Глава девятая. Покос на Алешках
Как-то Василию Ильичу взбрело в голову сходить на болото пострелять дупелей.
Возвращаясь с охоты, он еле волочил тяжелые кирзовые сапоги, в которых звучно чавкала портянка. Был тихий послеполуденный час июльского дня. Солнце, заваливаясь за край облака, разбросало по небу белые ровные полосы. Потянуло холодком. Стряхнув истому, природа оживилась. По макушкам тополей пробежал ветерок, трава, до этого серая, унылая, потемнела и закачалась. Неожиданно к монотонному пению полевых сверчков присоединился звонкий отрывистый звук, как будто кто-то дергал струну и сразу же зажимал ее пальцем. Звук несся от дома Кожиных. Овсов прислушался, снял с плеча сетку, в которой болтался убитый дупель, повертел ее в раздумье, потом толкнул калитку и прошел во двор Кожиных. Под низким соломенным навесом Матвей отбивал косу. Василий Ильич поздоровался и присел на березовый чурбан. Матвей покосился на сетку.
— Птах стреляешь…
Кожин снял очки в железной оправе, протер их, надел и опять застучал молотком. Но, видно, зрение изменяло Матвею. Молоток чаще попадал по бабке, чем по косе.
— Дай-ка попробую, — предложил Овсов.
— Ишь ты, не забыл, — ухмыльнулся Матвей, когда молоток в руках соседа начал отбивать чистую отрывистую дробь.
— Что ж, Матвей Савельич, и косу не забываете при нынешней технике, — усмехнулся Овсов.
— Не забудешь. Покосы-то как заросли.
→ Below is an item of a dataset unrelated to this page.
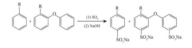采用SO3膜式磺化工藝,改變烷基二苯醚與烷基苯的質量比,將二者混合進行磺化反應,然後用NaOH溶液中和,製得質量分數為25%的烷基二苯醚/烷基苯混合磺酸鹽,反應方程式如下: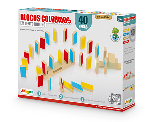 Composição: Jogo com 40 blocos colorido em madeira de reflorestamento (MDF) em 12mm de espessura, de diferentes cores com pintura atóxica. Dimensões da embalagem: 26x06x20 cm

Ты посчитай — пятнадцать лет их не чистили. А помнишь, какие покосы были на Алешках? Заросли, страх как заросли. Вот председатель посылает туда бригаду по кустам косить.
— И много едет?
— Сказывала невестка — человек двенадцать.
— Что ж, и вас посылают?
— Где уж мне, Клаву отправляем…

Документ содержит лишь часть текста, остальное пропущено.